Le vendite on line continuano a fare vittime nelle catene di distribuzione tradizionale. Qualche giorno fa negli Stati Uniti ha buttato la spugna «Toys R Us». Ieri in Italia hanno chiuso 43 negozi Trony, la catena di negozi di elettronica, per la dichiarazione di fallimento della società Dps. A rischio ci sono 500 posti di lavoro in tutto lo Stivale. I negozi che ieri mattina non hanno alzato la saracinesca sono in Liguria, Piemonte, Lombardia (dove sono a rischio 140 dipendenti con 9 punti vendita fra cui il negozio di San Babila) Veneto, Friuli e Puglia.

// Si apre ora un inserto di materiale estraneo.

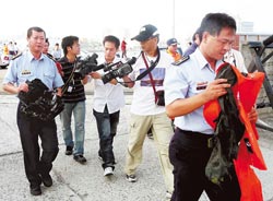 飛機失蹤后,臺空軍全力搜救,直升機首先在貓嶼北方0.6海里處發現大范圍不明油污,巡防艇又在該處尋獲印有“雙前”編號15211的鋁合金傘箱,內置的橘色飛行傘已脫離,傘廂破裂變形。此后,搜救隊在貓嶼1海里處再尋獲自動救生背心及外覆外包,救生背心上寫著編號OC○○1,救生衣無明顯損壞。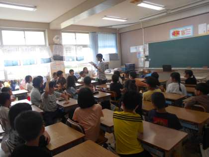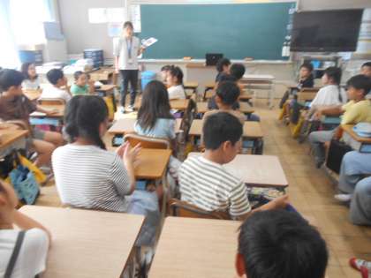 先生が席替えを発表していました。みんな真剣に聞いています。これから席を移動します。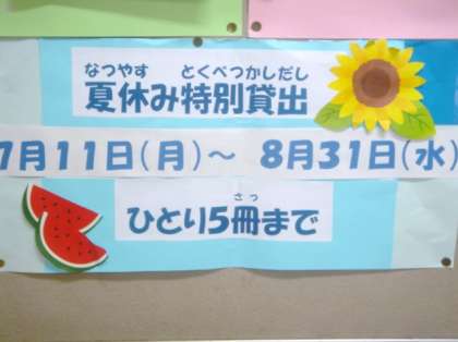 夏休みは、ひとり5冊までの特別貸し出しがあります。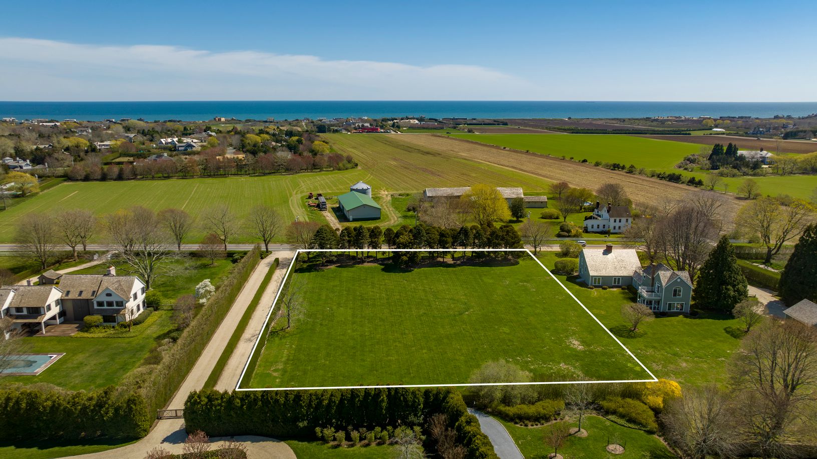 Nestled in the prestigious enclave of Sagaponack South, 480 Hedges Lane. This fully cleared 1.47-acre parcel boasts meticulous landscaping and presents the opportunity to build a ±6,267 Sq. Ft. main residence, accompanied by a ±940 Sq. Ft. accessory structure and pool. Enjoy panoramic views of the adjacent ±33-acre agricultural reserve and distant ocean vistas. For those seeking additional space and flexibility, the adjacent 1.38-acre parcel w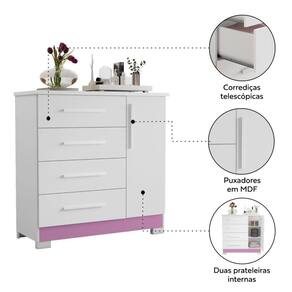 Montagem : A Cômoda possui montagem , ou seja, na opção branco, algumas peças tem uma lado branco e um lado rosa, e vc pode escolher o lado na hora da montagem, deixando a peça rosa aparente ou todo branco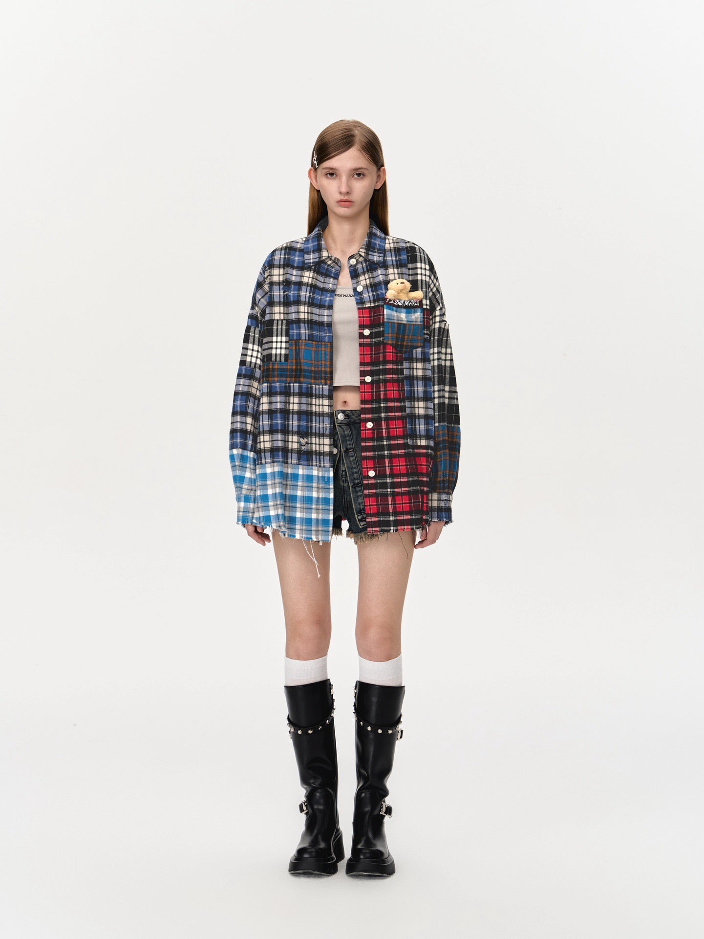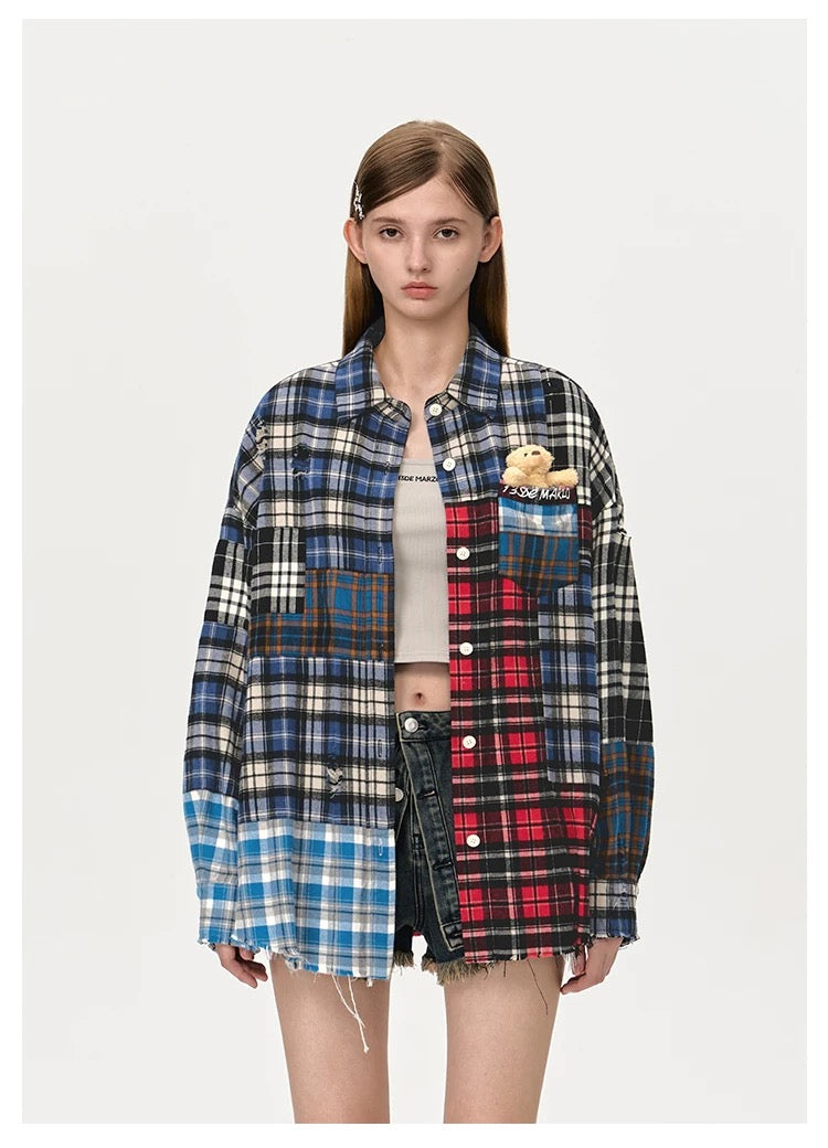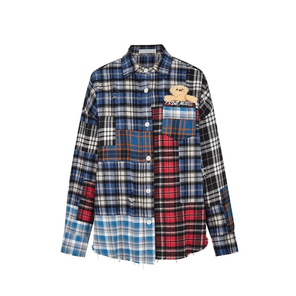 13DE MARZO Bear Broken Plaid Patch Shirt Color Patch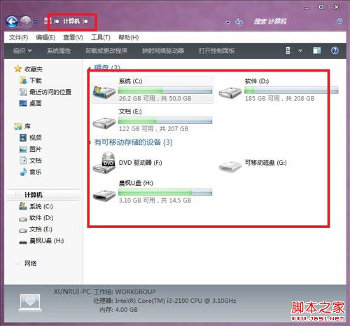1.首先双击桌面“我的电脑”或者使用组合键“win+E”打开“计算机”资源管理窗口: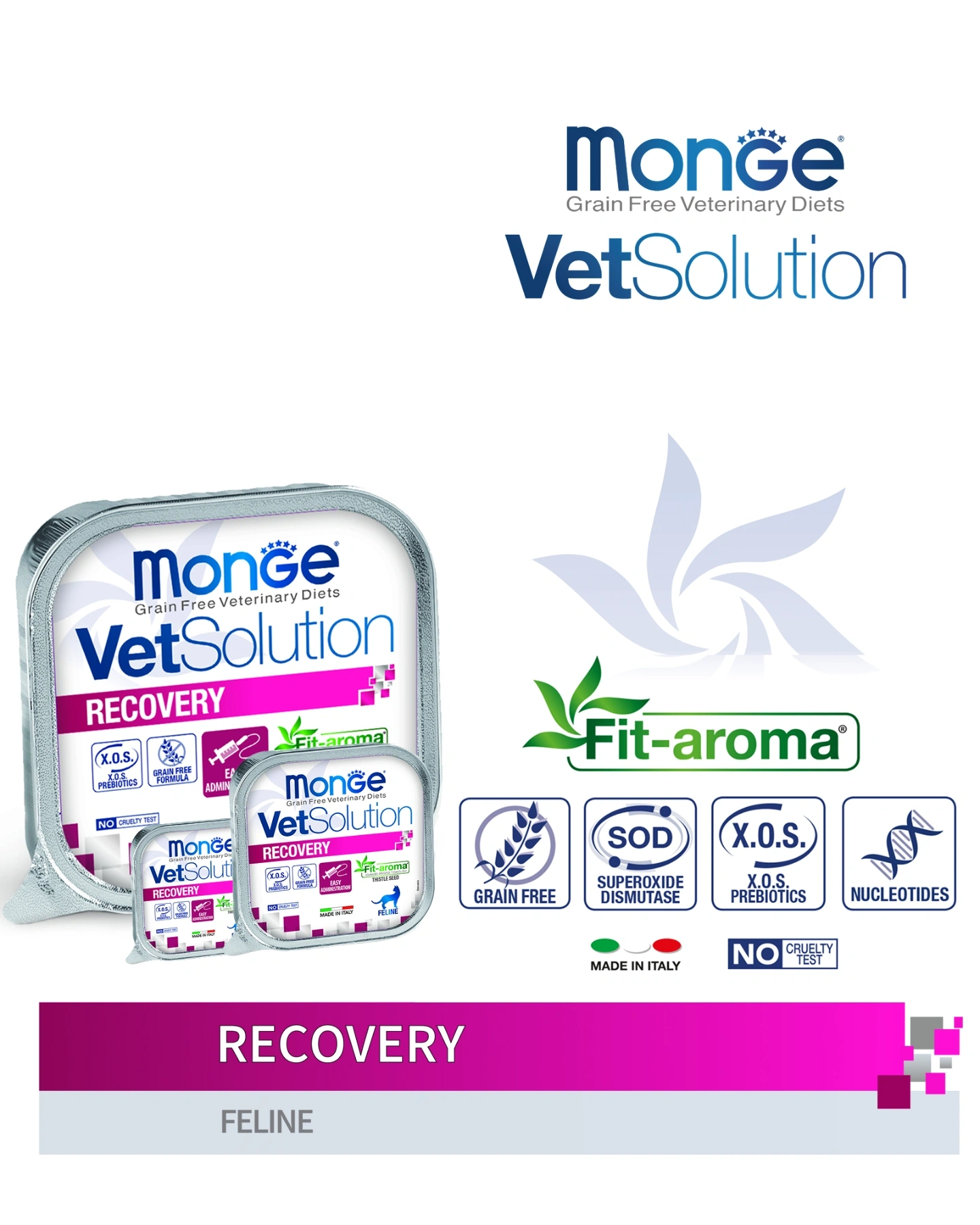 MONGE VETSOLUTION RECOVERY FELINE is a complete dietetic feed for cats formulated for nutritional restoration, convalescence. Contains Nucleotides to support immune system, thisle seed for the support of convalescence, Xylo-oligosaccharides (XOS) to secure the intestinal microbiota. The formulation is characterized by high energy density, high concentrations of essen tial nutrients and highly digestible ingredients.

In quest’ultima regione è scattata la mobilitazione dei lavoratori con un sit-in davanti a uno dei tre negozi di Bari. I dipendenti che, a Bari, sono coinvolti nelle conseguenze del fallimento sono una trentina ma in tutta la Puglia, dove ci sono 13 negozi Trony, i lavoratori a rischio sono circa 120, una fetta significativa particolarmente provata visto che dopo aver avuto un pesante taglio della busta paga a dicembre, a febbraio non hanno ricevuto gli stipendi. In Puglia l’unico negozio Trony rimasto aperto è quello di Taranto perché è rimasto in mano alla società Vertex.

«A livello nazionale – spiega Barbara Neglia della Filcam Cgil – le organizzazioni sindacali Cgil, Cisl e Uil chiederanno un primo incontro al curatore fallimentare e in modo parallelo proveranno ad avere un confronto con il ministero allo Sviluppo economico per cercare di trovare soluzioni alternative al licenziamento dei dipendenti». Al sit-in di Bari si è recato anche il sindaco di Bari, Antonio Decaro, che ha parlato con i lavoratori assicurando la propria disponibilità perché i posti di lavoro vengano salvaguardati.

Preoccupati anche i clienti di Trony, che, senza alcun preavviso si sono viste chiudere le saracinesche. Alcuni di loro oggi avrebbero dovuto ritirare dei regali. I più preoccupati quelli che hanno aperto presso il negozio una lista di nozze.

La situazione della società Dps era in bilico da diverso tempo. L’azienda aveva chiesto un concordato preventivo che però non è stato giudicato percorribile dal giudice fallimentare che lo ha rifiutato decretando il fallimento. «Ora resta da gestire questa fase – dice Alessio di Labio responsabile nazionale di Filcams Cgil -. L’obiettivo è quello di individuare uno o più soggetti interessati a rilevare i 43 punti vendita. E poi chiedere un incontro sia al Mise e sia al ministero del Lavoro perché ci sarà da gestire la cassa integrazione dei lavoratori».